Ruto confirmed that the government would begin the process with the Kenya Pipeline Company, which is set to be listed on the Nairobi Securities Exchange (NSE) later this year. The company is a critical player in the country’s energy infrastructure and a significant state asset.
“This will offer investors a unique opportunity to deploy capital in one of our most strategic infrastructure enterprises,” Ruto said.
President Ruto emphasized that the privatization process will be carried out through a “structured, time-sensitive programme” aimed at identifying and preparing a steady pipeline of state-owned enterprises (SOEs) to be either privatized via public offerings or revitalized through private sector partnerships.
This initiative builds on Kenya’s previously stated ambition to privatize 35 state enterprises, with plans for over 100 more to follow. However, those efforts faced legal obstacles last year when the country’s High Court temporarily halted the process on constitutional grounds.

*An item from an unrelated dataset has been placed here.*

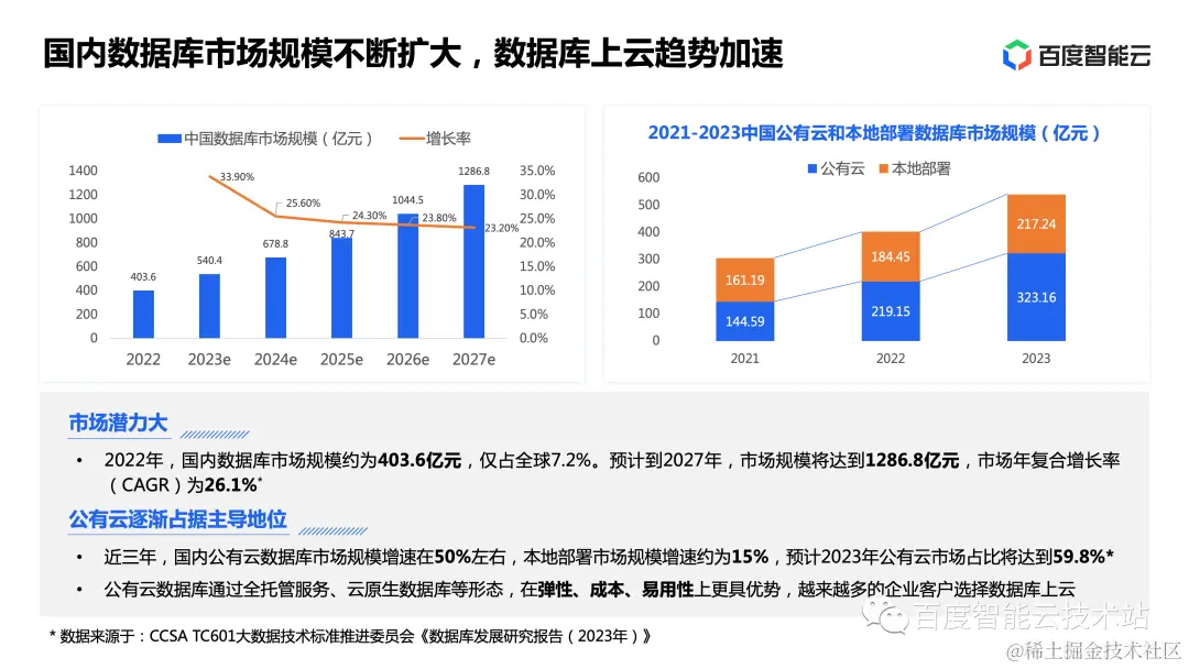 根据大数据技术标准推进委员会今年 7 月发布的《数据库发展研究报告(2023 年)》,我们可以看到,去年国内的数据库市场规模约为 400 亿,今年预计可以达到 540 亿,预计到 2027 年,国内数据库市场规模可达 1280 亿。未来几年复合增长率预期可以达到 26% ,市场潜力非常大。

Despite the setback, Ruto’s latest announcement signals the government’s determination to revive and execute the program in compliance with legal frameworks. He also pointed to the value of global financial centers like London in informing Kenya’s capital market reforms.
“We are drawing lessons from institutions such as the London Stock Exchange to strengthen and modernize the Nairobi Securities Exchange,” he said.
The decision comes at a critical time for Kenya, which is grappling with a narrowing fiscal space and rising public debt. In 2023, the government was forced to abandon a proposed tax package totaling over 346 billion Kenyan shillings ($2.68 billion) after widespread public protests. In response, the government has adopted austerity measures and is seeking alternative funding mechanisms.
Speaking at the Africa Debate forum in London, President Ruto cited recent challenges, including the cancellation of USAID funding by U.S. President Donald Trump, as a wake-up call for Kenya to pursue financial autonomy.
“We are working to rely on our own resources and attract private investment, rather than depending on funding we cannot control,” Ruto said.
As part of this shift, the Kenyan government has already raised $1.3 billion by securitizing infrastructure assets, including toll roads, to fund development projects without expanding the national debt burden.
The push to list state-owned companies on the NSE is also aimed at invigorating Kenya’s capital markets, which have struggled in recent years with low liquidity and declining investor confidence. The planned IPOs are expected to enhance transparency, accountability, and governance of former public monopolies while opening new channels for both domestic and international investment.
Analysts say successful privatization could also serve as a regional model for other African economies looking to balance fiscal reform with growth.
Kenya’s move to privatize key state assets signals a bold step toward economic restructuring, emphasizing private sector participation, capital market development, and self-reliance. While legal and political challenges remain, the government’s renewed commitment, supported by lessons from global markets, sets the stage for a new era in the country’s economic trajectory.
If implemented successfully, this program could not only stabilize Kenya’s fiscal outlook but also position Nairobi as a growing financial hub for East Africa.